Transcribe the entries exactly; images are not part of the copy.

== Data for analysis ==

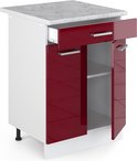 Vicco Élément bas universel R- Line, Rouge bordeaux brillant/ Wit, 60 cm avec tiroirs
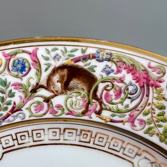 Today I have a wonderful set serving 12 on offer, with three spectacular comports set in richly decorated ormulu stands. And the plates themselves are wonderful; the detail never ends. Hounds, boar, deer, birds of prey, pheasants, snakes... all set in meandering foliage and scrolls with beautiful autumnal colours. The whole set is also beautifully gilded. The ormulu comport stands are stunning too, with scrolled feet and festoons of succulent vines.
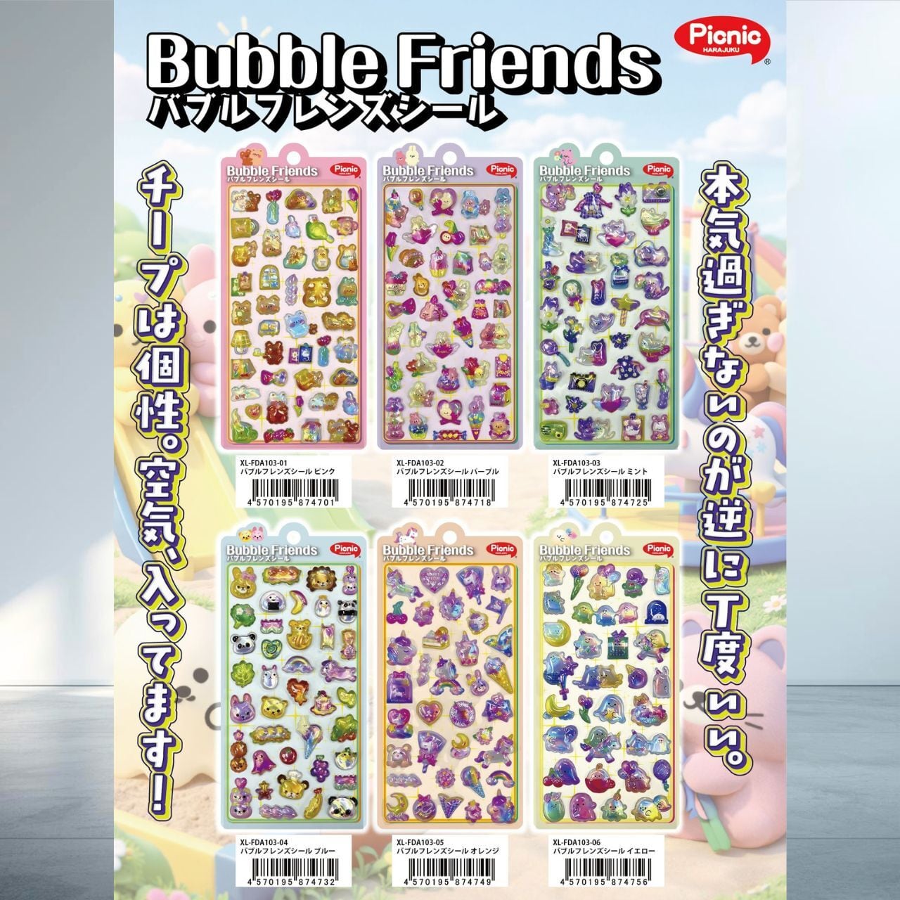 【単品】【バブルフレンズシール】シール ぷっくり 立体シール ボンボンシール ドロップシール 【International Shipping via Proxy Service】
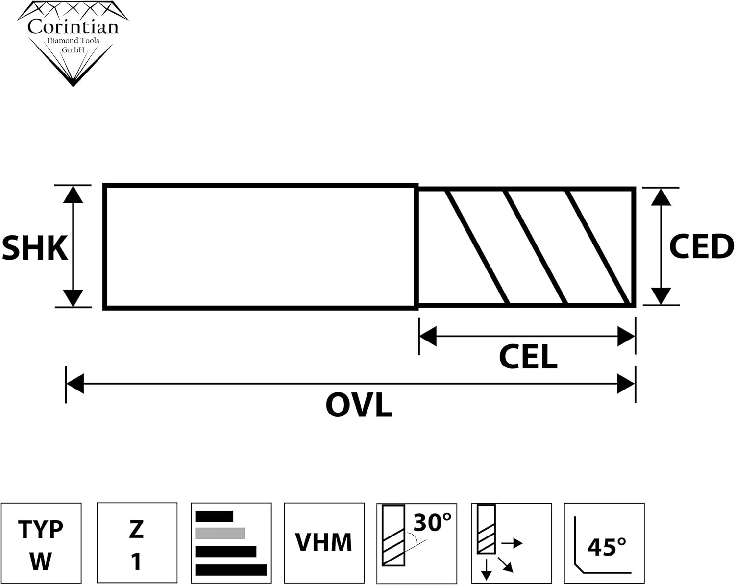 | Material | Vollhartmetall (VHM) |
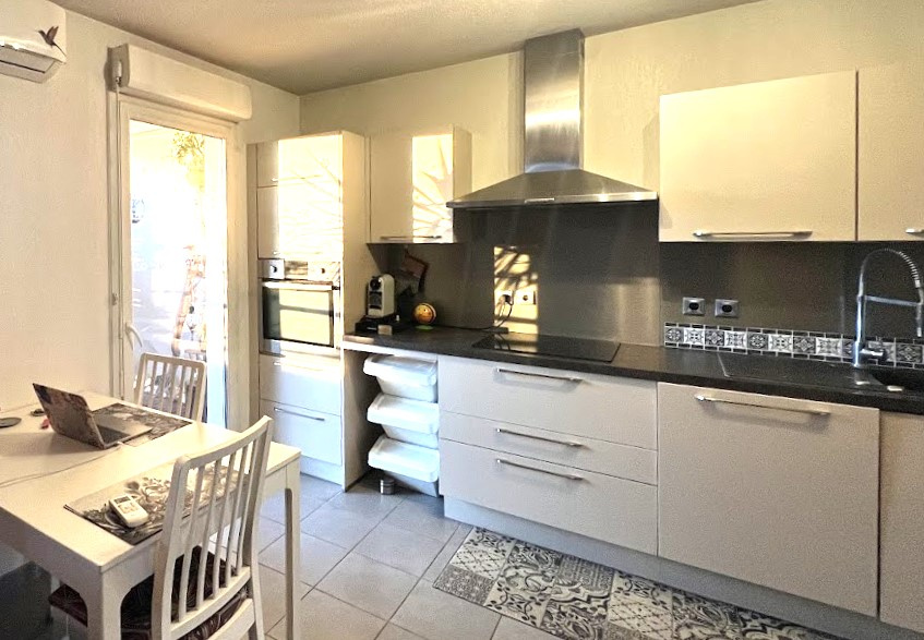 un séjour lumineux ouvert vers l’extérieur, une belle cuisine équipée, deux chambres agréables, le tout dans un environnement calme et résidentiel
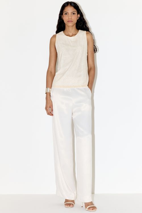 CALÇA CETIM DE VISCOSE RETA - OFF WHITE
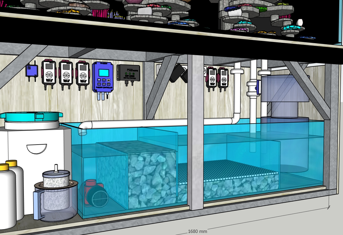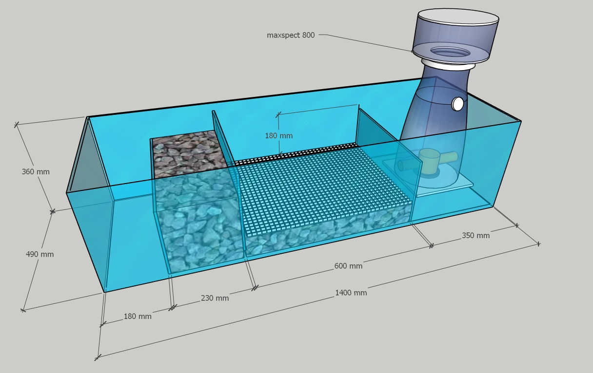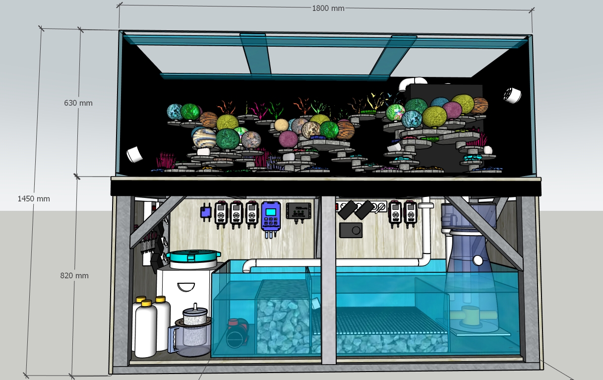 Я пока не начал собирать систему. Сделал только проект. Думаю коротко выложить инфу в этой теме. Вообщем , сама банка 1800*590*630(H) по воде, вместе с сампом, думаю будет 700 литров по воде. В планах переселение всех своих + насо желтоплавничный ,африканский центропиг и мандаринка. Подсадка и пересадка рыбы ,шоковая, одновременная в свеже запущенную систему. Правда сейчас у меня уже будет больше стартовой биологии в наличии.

===

Output for this task:
 Vicco Élément bas universel R- Line, Rouge bordeaux brillant/ Wit, 60 cm avec tiroirs
 Today I have a wonderful set serving 12 on offer, with three spectacular comports set in richly decorated ormulu stands. And the plates themselves are wonderful; the detail never ends. Hounds, boar, deer, birds of prey, pheasants, snakes... all set in meandering foliage and scrolls with beautiful autumnal colours. The whole set is also beautifully gilded. The ormulu comport stands are stunning too, with scrolled feet and festoons of succulent vines.
 【単品】【バブルフレンズシール】シール ぷっくり 立体シール ボンボンシール ドロップシール 【International Shipping via Proxy Service】
 | Material | Vollhartmetall (VHM) |
 un séjour lumineux ouvert vers l’extérieur, une belle cuisine équipée, deux chambres agréables, le tout dans un environnement calme et résidentiel
 CALÇA CETIM DE VISCOSE RETA - OFF WHITE
 Я пока не начал собирать систему. Сделал только проект. Думаю коротко выложить инфу в этой теме. Вообщем , сама банка 1800*590*630(H) по воде, вместе с сампом, думаю будет 700 литров по воде. В планах переселение всех своих + насо желтоплавничный ,африканский центропиг и мандаринка. Подсадка и пересадка рыбы ,шоковая, одновременная в свеже запущенную систему. Правда сейчас у меня уже будет больше стартовой биологии в наличии.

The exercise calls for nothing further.